Sign says: Haifa billboards not making enough money

The city comptroller said there were serious flaws such as failures to register payments by advertisers and failures to issue receipts to them.

City treasurer Jacky Vakim is furious that poor management of the municipal signs department has already cost the city of Haifa millions of shekels, and that now the municipal engineering department is preventing the city from making money by limiting the places where public billboards can be erected, reports Yediot Haifa. Vakim said Haifa was making just NIS 14 million per year from its public billboards and signs at a time when Tel Aviv and Jerusalem were making three times this sum.
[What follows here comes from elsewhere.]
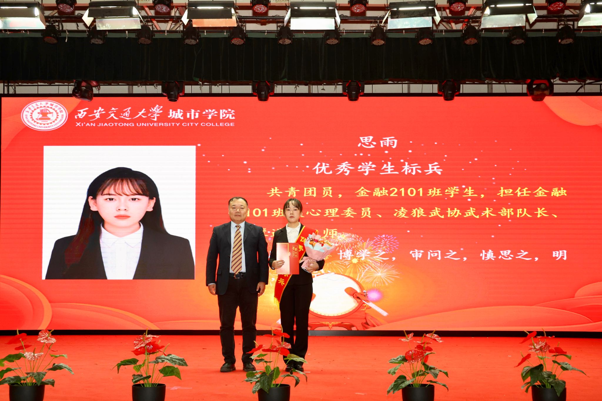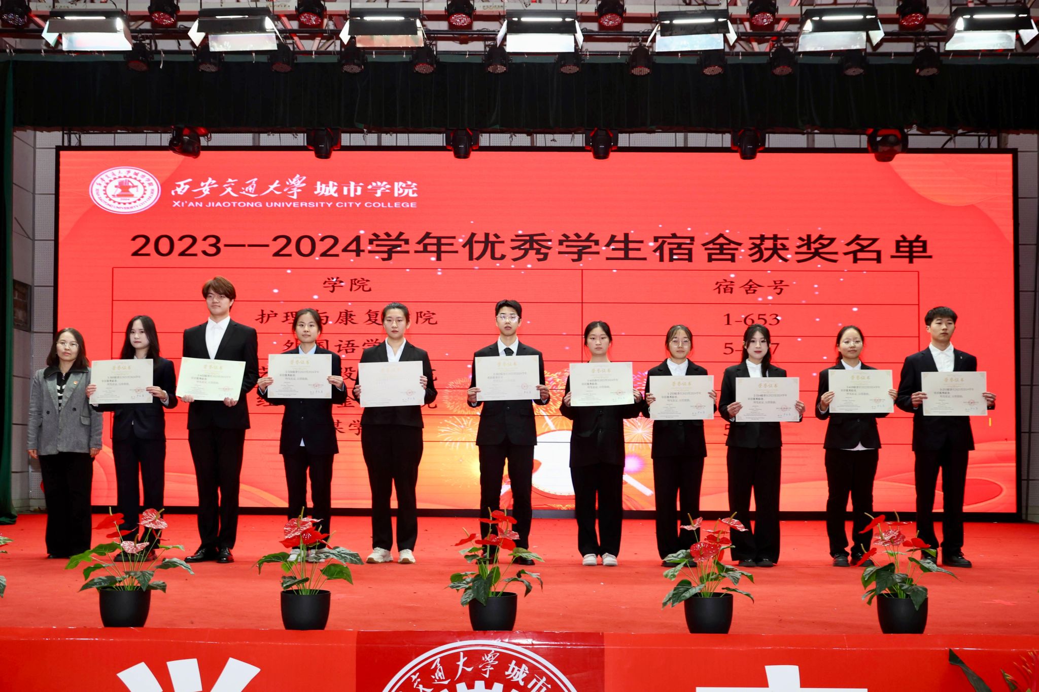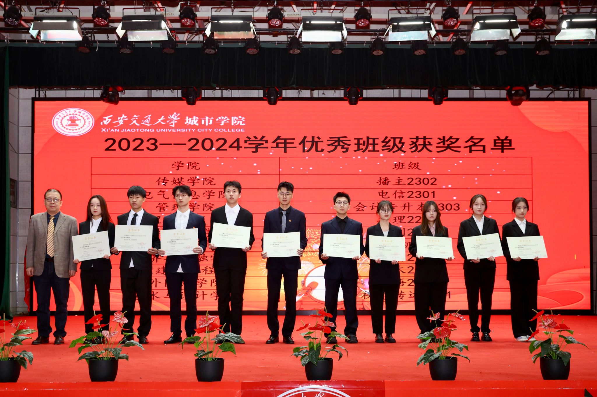 12月12日下午,yl7703永利官网在大学生活动中心举办2023-2024学年优秀学生表彰大会。校长严红昌、党委书记张爱萍、副校长陈书荣、副校长朱旭、副校长岳华海、工会主席许恩奇、纪委书记袁晓蕾,陕西奇点品牌策划有限公司、明见万里品牌和学子制品牌联合创始人罗芬女士,陕西怡兰企业集团有限公司副总经理刘文君女士以及各二级学院(教学部)、各部(处)负责人出席大会。全体辅导员、部分教师代表、班主任代表、获奖学生代表参加表彰大会,大会由播主2402高旭敏同学主持。

According to the report, the municipal signs department first came in for criticism by the city comptroller, who said the department was operating improperly, with serious flaws such as failures to register payments by advertisers, failures to issue receipts to them, and the unauthorized giving of discounts. Vakim told a recent council meeting that in the wake of the comptroller's criticisms, most of the department's staff had been replaced. He said the signs department had been "one big mess," with advertisers "putting signs up wherever they want and paying as much as they want," and the department had not made nearly as much money as it should have. "We are speaking about a significant loss to the municipality. I believe we can reduce some of the losses and change the rates even retroactively in certain cases," Vakim said. But he said he was now being frustrated by the engineering department, which was limiting the places where public signs could be put up. "At the moment we earn one third of the amount that Tel Aviv and Jerusalem earn (from public signs). Engineering management cannot decide that every second house in the city is designated for preservation (and therefore cannot have advertising signs placed on it). The policy has to change and become more flexible. Signage is a good source of income for every city and should be maximized," Vakim said. But a municipal spokesman said the limits on the placing of signs were designed to preserve order and esthetics, and to prevent a "wild competition" from breaking out between advertisers. The spokesman said it would be easy to maximize profits by allowing signs to be posted everywhere, but this would come at the expense of the quality of life of residents and of the beauty of the city.